Because iBRB breakdown is a major hallmark of many pathological eye conditions, it is essential to develop methods to assess retinal vascular permeability in vivo and in vitro. These methods help provide probable insights into the mechanisms of compromised BRB integrity and assess the efficacy of potential therapeutic targets. Current in vivo imaging or quantitative vascular leakage assays typically employ fluorescent (sodium fluorescein and dextran), colorimetric (Evans Blue dye and horseradish peroxidase [HRP] substrate), or radioactive tracers14 to detect extravasation from the vasculature into surrounding retinal tissues with microscope imaging or in isolated tissue lysate.

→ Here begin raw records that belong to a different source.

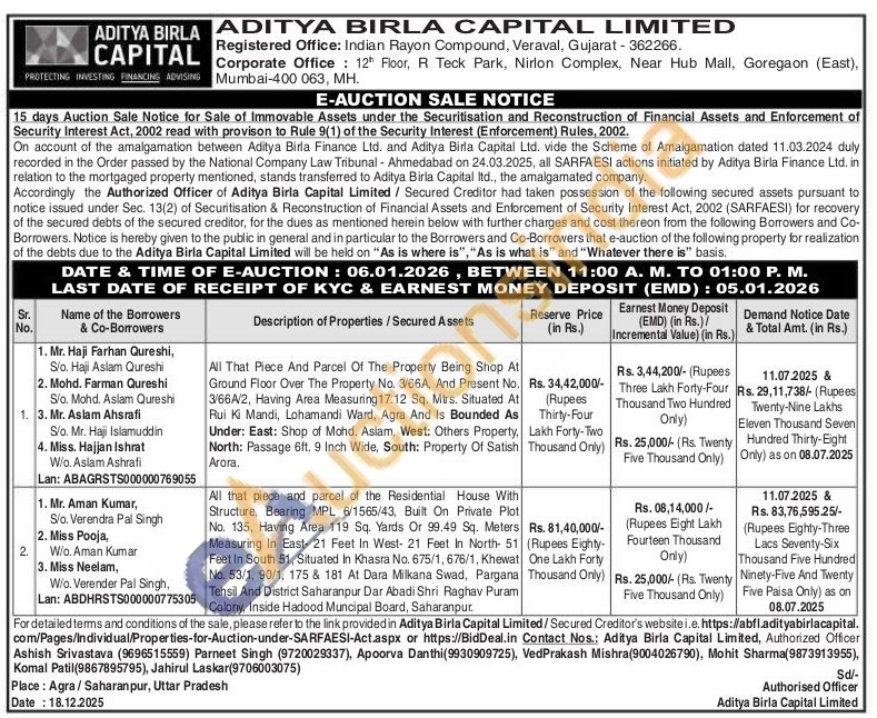 All that piece and parcel of the Residential House With Structure, Bearing MPL 6/1565/43, Built On Private Plot No. 135, Having Area 119 Sq. Yards Or 99.49 Sq. Meters Measuring In East- 21 Feet In West-21 Feet In North- 51 Feet In South 51, Situated In Khasra No. 675/1, 676/1, Khewat No. 53/1, 90/1, 175 & 181 At Dara Milkana Swad, Pargana Tehsil And District Saharanpur Dar Abadi Shri Raghav Puram Colony, Inside Hadood Muncipal Board, Saharanpur.
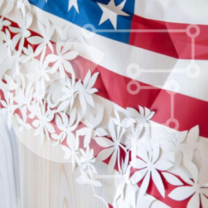 Intra Συλλεκτικό Ξύλινο Παζλ Plywood 4mm - Πατριωτική αμερικανική σημαία με λευκά λουλούδια Σε Ξύλινο Κουτί - Διαστάσεις Puzzle: 10x10 cm – 25 κομμάτια
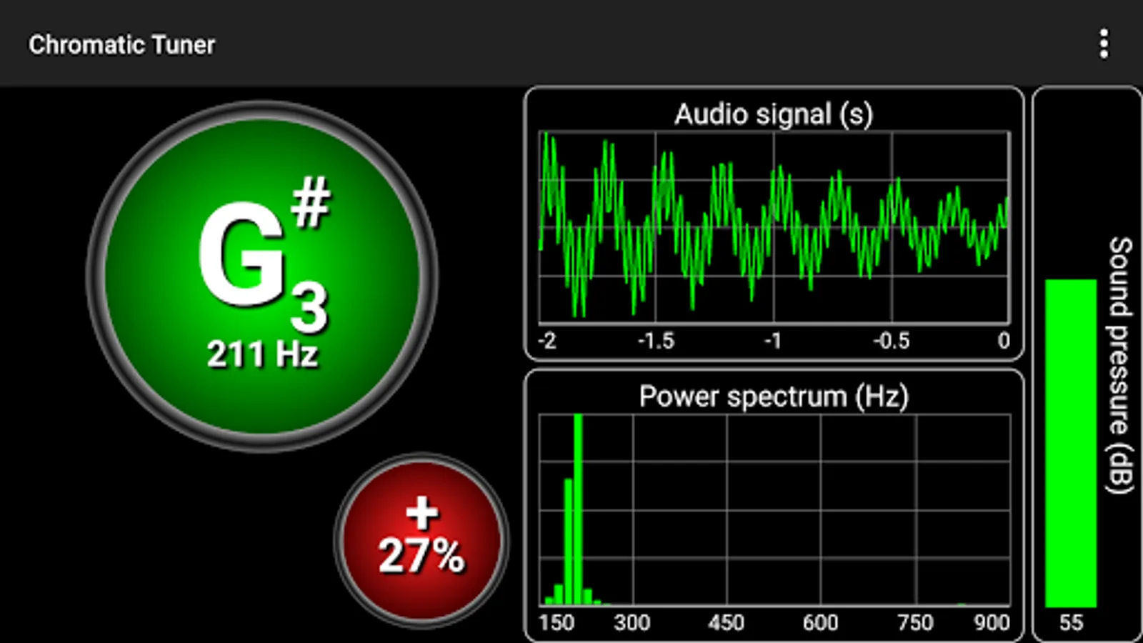 Accurate and fast chromatic tuner with wide range covering C0(16Hz) - B8(7902Hz).
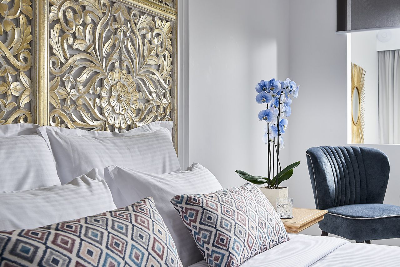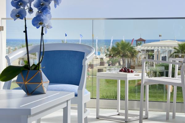 Deluxe Double Room Garden View / Side Sea View: A deluxe szobák elsősorban a főépületben és a szomszédos szárnyakban találhatók. 2 felnőtt és egy gyermek vagy 3 felnőtt kényelmes elhelyezésére alkalmasak. Kertre vagy oldalról a tengerre néző kilátással rendelkeznek.
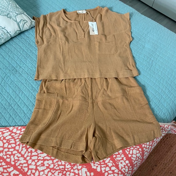 This is a very nice boutique brand short set in a toast color with a cool linen texture. Shorts are high waist with elastic back to provide stretch. Phone pockets on sides.
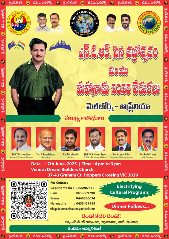 Join us in paying tribute to a towering personality and in celebrating the vibrant Telugu spirit in Melbourne. Let’s make this a historic and unforgettable gathering!
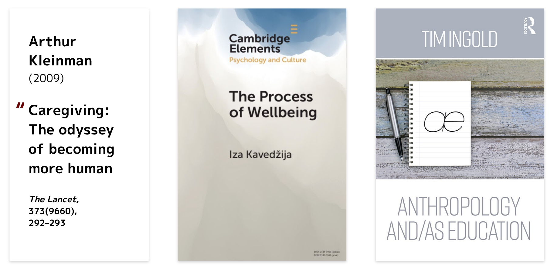アーサー・クラインマン(Arthur Kleinman) 2009年「ケアギビング(ケアの提供):より人間らしくなるための探求」. The Lancet, 373(9660), 292-293、373(9660)(292-293ページ)よりの抜粋:

An ideal tracer for quantifying vascular integrity should be inert and large enough to freely permeate compromised vessels while confined within healthy and intact capillaries. Methods employing sodium fluorescein or fluorescein isothiocyanate-conjugated dextran (FITC-dextran) in live fundus fluorescein angiography (FFA) or isolated retinal flat mounts are widely used for quantitating retinal extravasation in vivo or ex vivo. FITC-dextran has the advantage of being available in different molecular weights ranging from 4-70 kDa for size-selective studies15,16,17. FITC-albumin (~68 kDa) is an alternative large-sized protein tracer of biological relevance for vascular leakage studies18. Evans Blue dye, injected intracardially19, retro-orbitally, or through the tail vein20, also relies on its binding with endogenous albumin to form a large molecule that can be quantified by mostly spectrophotometric detection or, less commonly, fluorescence microscopy in flat mounts20,21. These quantitative or light imaging methodologies, however, often do not distinguish paracellular transport from trans-endothelial transport. For the specific analysis of transcytosis with ultrastructural visualization of transcytosed vesicles, tracer molecules such as HRP are typically used to locate transcytosed vesicles within endothelial cells that can be observed under an electron microscope22,23,24 (Figure 3A–C).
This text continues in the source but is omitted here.